2. | Equity Compensation. |
The Nonemployee Directors will be entitled to receive the equity compensation set forth below (as applicable). All such equity compensation will be granted under the Plan.
(a) IPO Awards. Without any further action by the Board or Committee, as of the Effective Date (or, if later, as of the date on which the Shares are covered by an active registration statement on Form S-8 filed with the U.S. Securities and Exchange Commission), each person who is then an “independent director,” determined in accordance with the listing standards of the New York Stock Exchange, will automatically be granted an Award of Restricted Stock Units (each, an “IPO Award”) covering a number of Shares equal to (A) $45,000 (or, in the case of Ernesto Perez, $90,000) divided by (B) the price per share at which Shares are first sold to the public in the IPO, as specified in the final prospectus for the IPO. Each IPO Award will vest on the day before the next Annual Meeting following the Effective Date, subject to the Nonemployee Director’s Continuous Service through the vesting date. As used herein, “Continuous Service” means that the Nonemployee Director’s service on the Board has not Terminated.
(b) Annual Awards. Without any further action by the Board or Committee, at the close of business on the date of each Annual Meeting of the Company’s stockholders, each person who is then a continuing Nonemployee Director will automatically be granted an Award of Restricted Stock Units (each, an “Annual Award”) covering a number of Shares equal to (A) $90,000 divided by (B) the closing sales price per Share on the date of the applicable Annual Meeting (or, if such date is not a business day, the first business day thereafter). Each Annual Award will vest on the earlier of (i) the first anniversary of the applicable grant date and (ii) the day before the next Annual Meeting that is held at least 50 weeks following the applicable grant date, subject to the Nonemployee Director’s Continuous Service through the vesting date.
(c) Change in Control. Notwithstanding the foregoing, for each Nonemployee Director who remains in Continuous Service immediately prior to a Change in Control, the Shares subject to his or her then-outstanding equity awards that were granted pursuant to this Policy will become fully vested as of immediately prior to such Change in Control.
(d) Remaining Terms. The remaining terms and conditions of each IPO Award and Annual Award granted pursuant to this Policy will be as set forth in the Plan and the Company’s award grant notice and award agreement, as applicable, in the form or forms adopted from time to time by the Board or Committee.
3. | Nonemployee Director Compensation Limit. |
Notwithstanding anything herein to the contrary, the cash compensation and equity compensation that each Nonemployee Director is entitled to receive under this Policy shall be subject to the limits set forth in Section 4.2 of the Plan.

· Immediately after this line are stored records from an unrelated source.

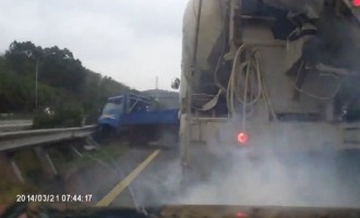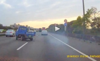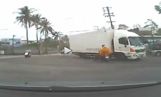 Ο οδηγός του φορτηγού στην Ταϊβάν στρίβει σαν… έλληνας. Ο οδηγός της μηχανής δεν προλαβαίνει να αντιδράσει πέφτει πάνω στο…
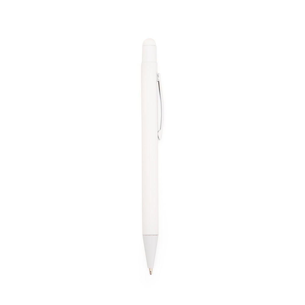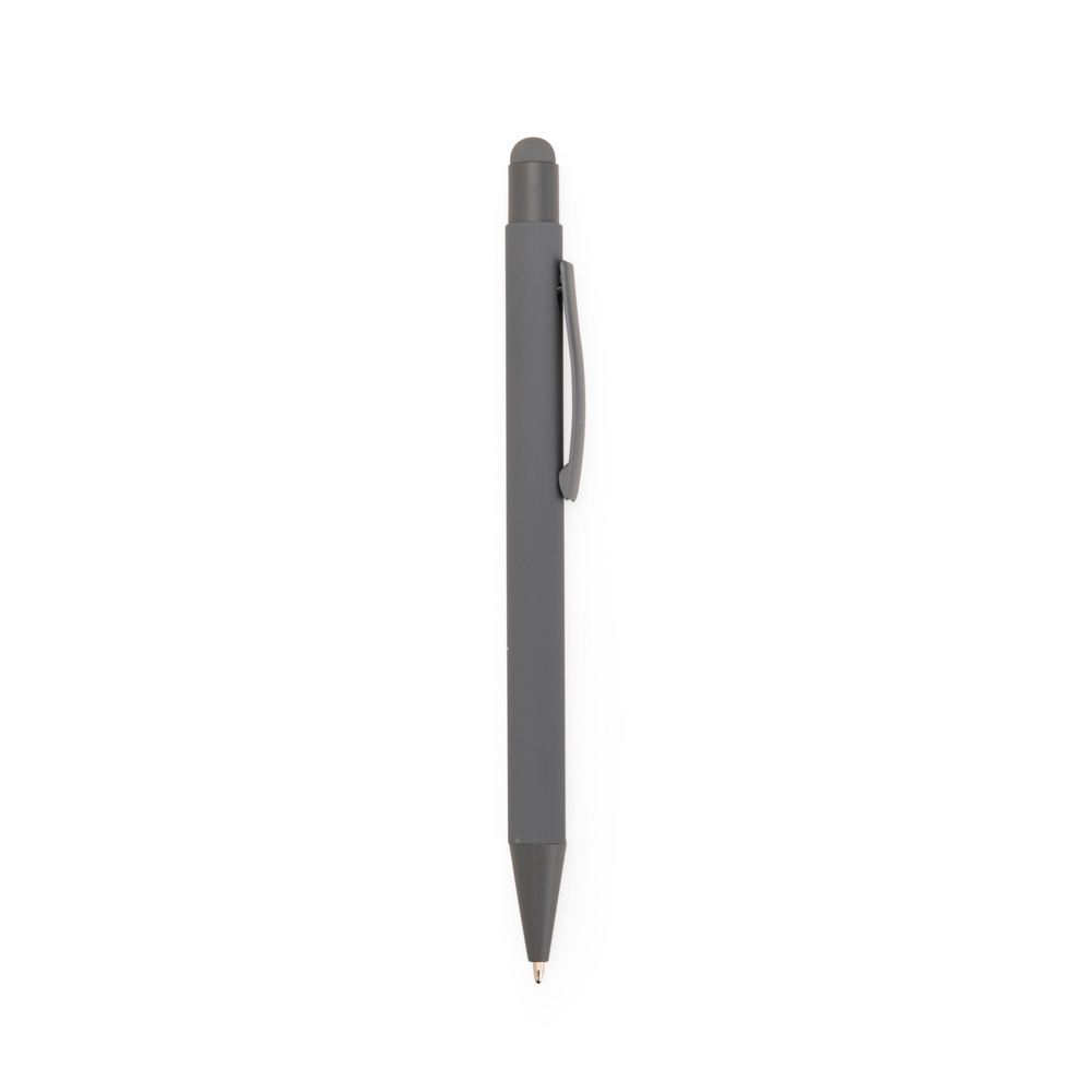 Descrição: Caneta metálica com pintura de acabamento emborrachado. Possui acionamento por clique com detalhe emborrachado no topo para interação com dispositivos com telas sensíveis ao toque, além de carga esferográfica azul de 1,0mm.
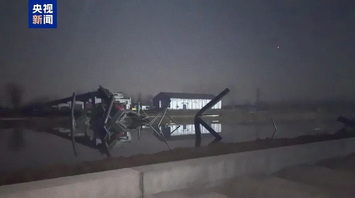 Hình ảnh do Đài Truyền hình Trung ương Trung Quốc (CCTV) phát sóng cho thấy một phần lớn cây cầu đang thi công bị xoắn gãy, nằm la liệt trên mặt đất, trong khi máy móc hạng nặng và lực lượng cứu nạn khẩn trương dọn dẹp đống đổ nát.
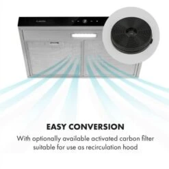 La cappa aspirante è adatta alla modifica per funzione di ricircolo. A tal fine è necessario acquistare separatamente un filtro ai carboni attivi al numero articolo 10033473.
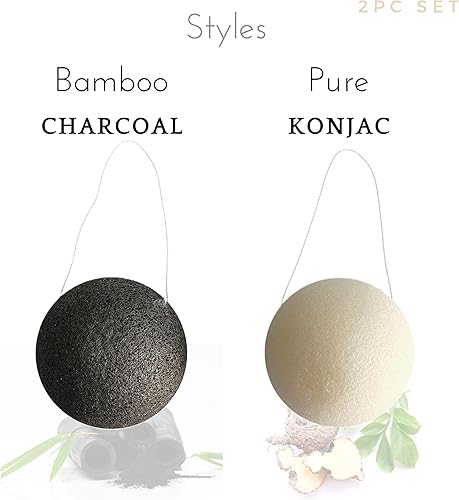 Material: You will receive 2 konjac sponges. 1 activated carbon style, ideal for exfoliating and deep cleansing of the skin, and the other pure konjac. Our sponges are biodegradable, and made with 100% natural materials, chemical free.
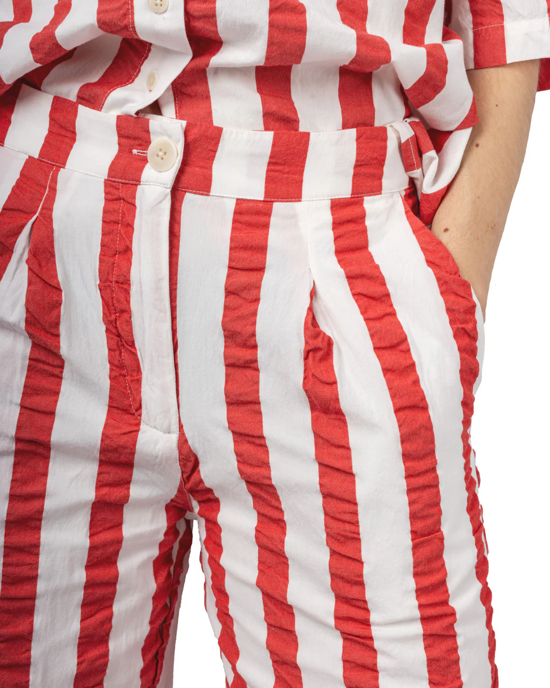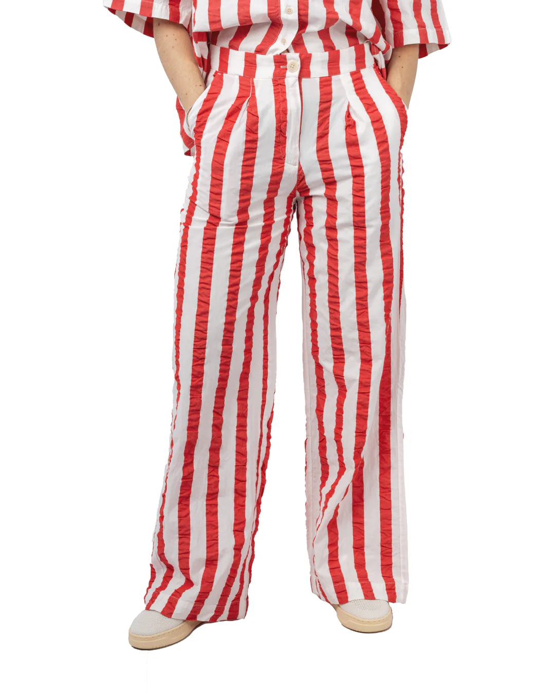 Polyvalent et intemporel, le pantalon Manolita s’associe aisément avec divers hauts pour créer des looks décontractés ou plus habillés, reflétant l’esthétique responsable de Thinking Mu.
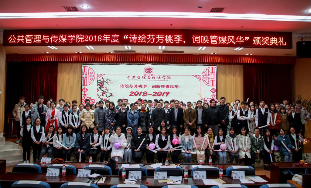 为大力弘扬公共管理与传媒学院的优良学风,充分发挥优秀学生的模范带头作用。2019年1月8日下午,公共管理与传媒学院“诗绘芬芳桃李,词映管媒风华”年度颁奖典礼于雁山校区图书馆报告厅隆重举行。学院党委书记陆平、党委副书记汪晟、学工组组长、2018级辅导员陈俊乐、2015级、2017级辅导员时香丽以及各专业的老师和学生代表共同参加了本次活动。
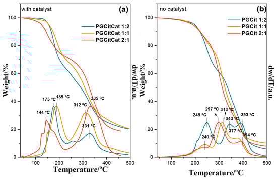 Thermogravimetry (TGA) and derivative thermogravimetry (DTG) of weight curves of polyglycerol citrate polymers: (a) PGCit with H2SO4 catalyst and (b) PGCit without catalyst.
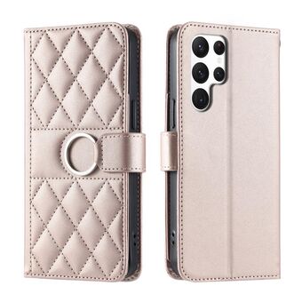 For Samsung Galaxy S22 Ultra 5G Ring Buckle Rhombic Leather Phone Case(Rose Gold)

4. | Ability to Decline Compensation. |
A Nonemployee Director may decline all or any portion of his or her compensation under this Policy by giving notice to the Company prior to the date such cash is earned or such equity awards are to be granted, as the case may be.
5. | Expenses. |
The Company will reimburse each Nonemployee Director for ordinary, necessary and reasonable out-of-pocket travel expenses to cover in-person attendance at and participation in Board and committee meetings; provided, that the Nonemployee Director timely submits to the Company appropriate documentation substantiating such expenses in accordance with the Company’s travel and expense policy, as in effect from time to time.